Democratic desperation on Kavanaugh is showing

Justices have never recused themselves just because of who appointed them.

Neither of Bill Clinton’s Supreme Court appointees, Ruth Bader Ginsburg and Stephen Breyer, recused themselves in the 1997 Clinton v. Jones case, which personally involved the president and whether he could be forced to participate in a civil lawsuit while in office. Breyer had been nominated just eleven days after the Paula Jones lawsuit was filed, and after Clinton was already facing an Independent Counsel investigation. In 1998, when the Court decided an appeal involving Independent Counsel Kenneth Starr’s “Travelgate” investigation – and ruled in favor of Clinton by upholding the attorney-client privilege for notes of a conversation with former White House Counsel Vince Foster before his 1993 death – Breyer and Ginsburg did not recuse; instead, they sided with Clinton.
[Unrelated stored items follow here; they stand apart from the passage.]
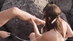 Matty e Delfina são duias gatas muito sensuais que estão ao ar livre a ter o melhor sexo lésbico de sempre. Cunnilíngua e muita paixão para desfrutar.
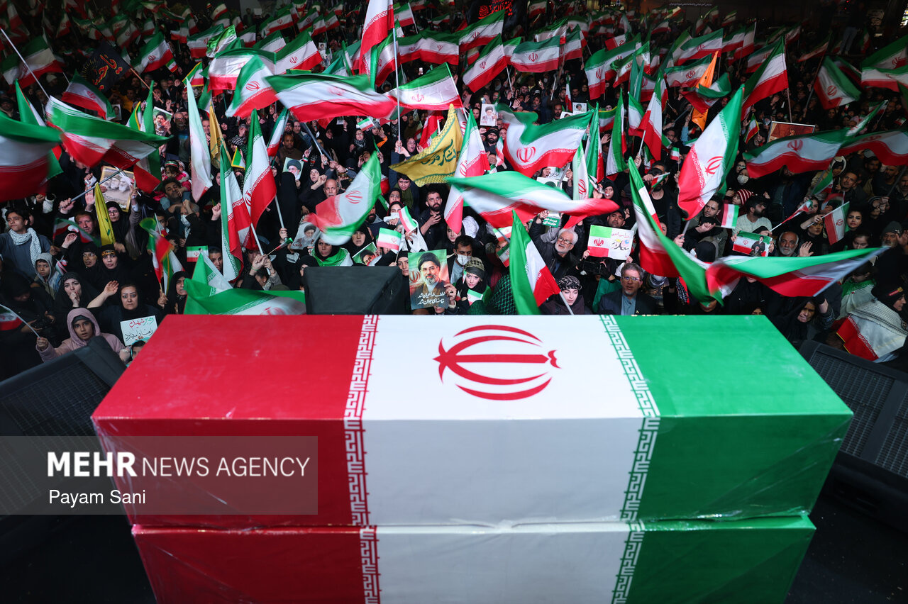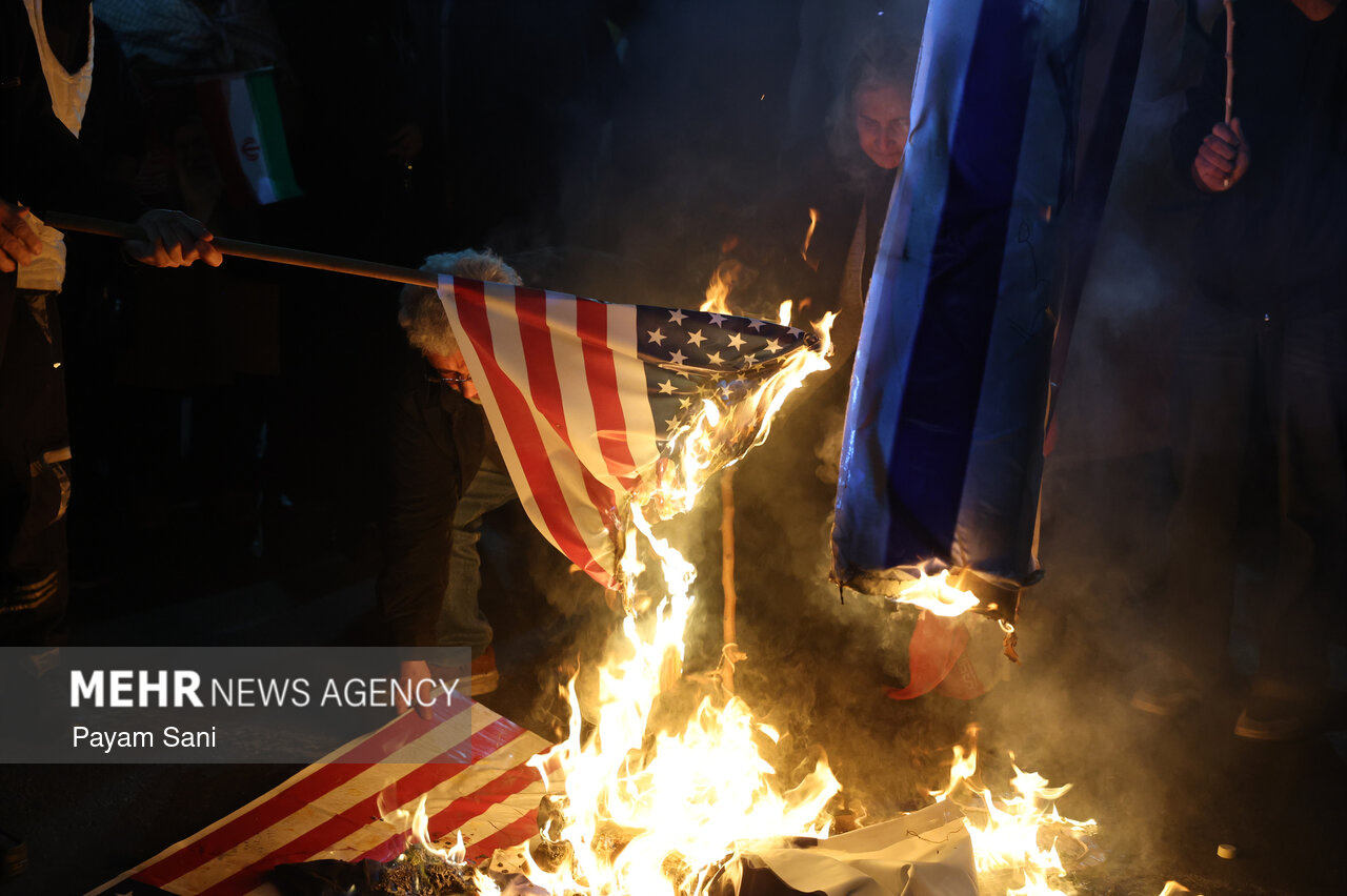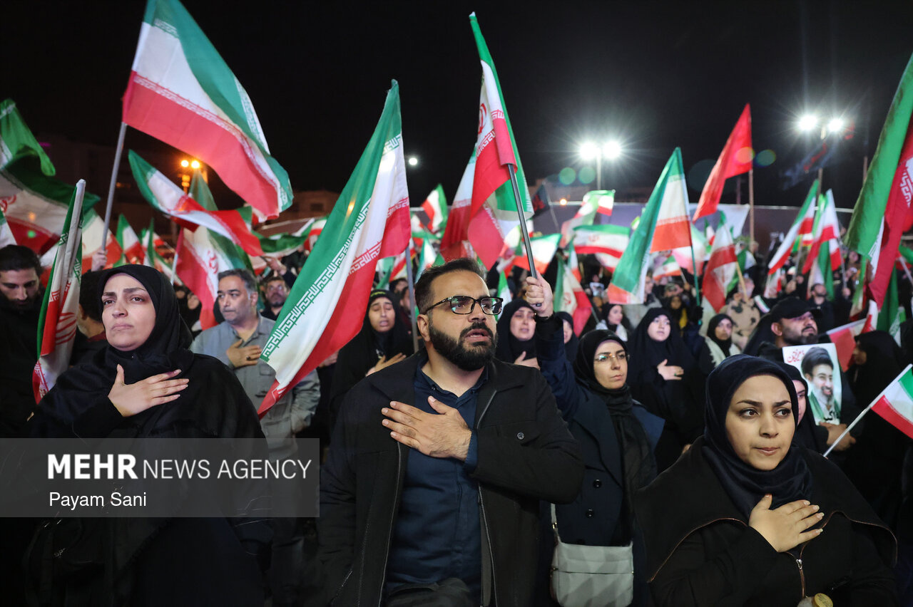 اقشار مختلف مردم در هجدهمین روز جنگ و به مناسبت چهارشنبه سوری، برای خنثی کردن توطئه احتمالی دشمن صهیونی، همدل و هم‌صدا در میدان انقلاب اسلامی تهران حاضر شدند.|منبع: مهر
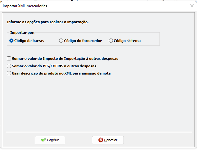 💡 Essas opções são úteis para refletir corretamente os custos e dados descritivos dos itens importados na nota de entrada.
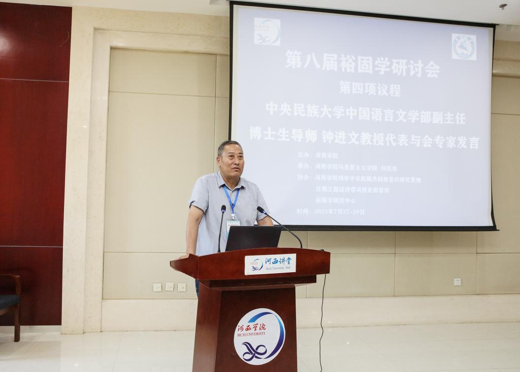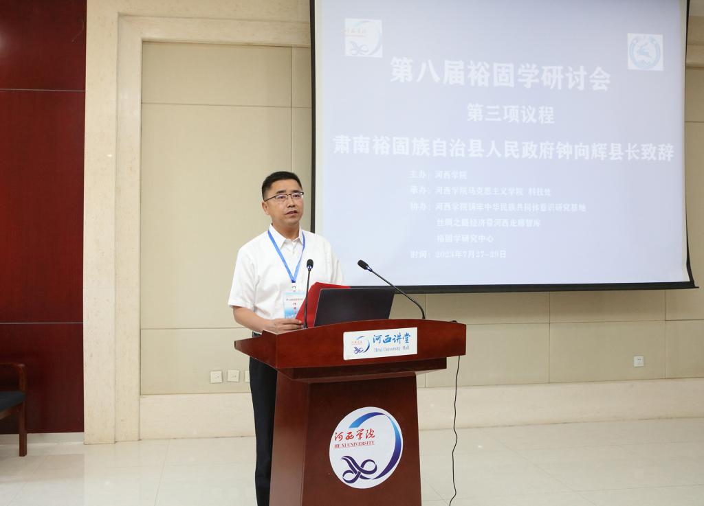 开幕式上,校党委副书记、校长周勇教授和肃南裕固自治县县委副书记、县政府县长钟向辉分别致辞,中央民族大学中国语言文学部副主任、博士生导师钟进文教授代表与会专家发言。
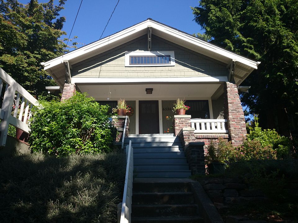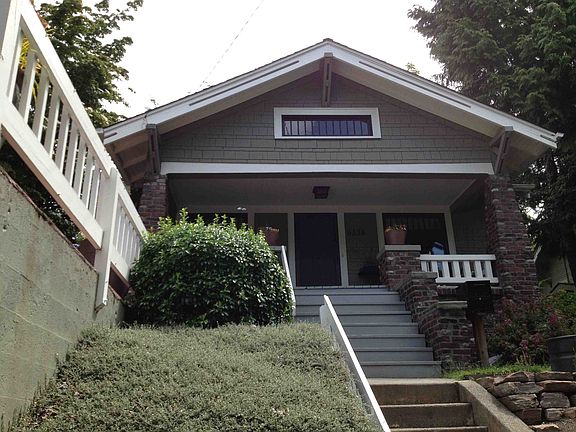 This pristine craftsman sits high off the street and commands attention with its grand dayrooms with box beam ceilings, substantial moldings wood strapped windows and hardwood floors. 2-bedroom on main floor are large with ample closets, tasteful kitchen with 3/4-bath. Unfinished basement is huge and boasts high ceilings-great expansion potential. Detached garage and wonderful patio area complete this home.

Also in 1998, the Court declined to hear appeals by both Clinton and Starr from D.C. Circuit decisions involving the attorney-client and executive privileges applying to, among others, grand jury testimony by White House Counsel Bruce Lindsey and Clinton’s Secret Service detail. Not only didn’t Breyer and Ginsburg recuse, but they dissented together from the rest of the Court’s refusal to take Clinton’s appeal from the Lindsey ruling. Judge Kavanaugh will remember these precedents well; he was involved in litigating most of them, and personally argued the Vince Foster privilege case before the Court.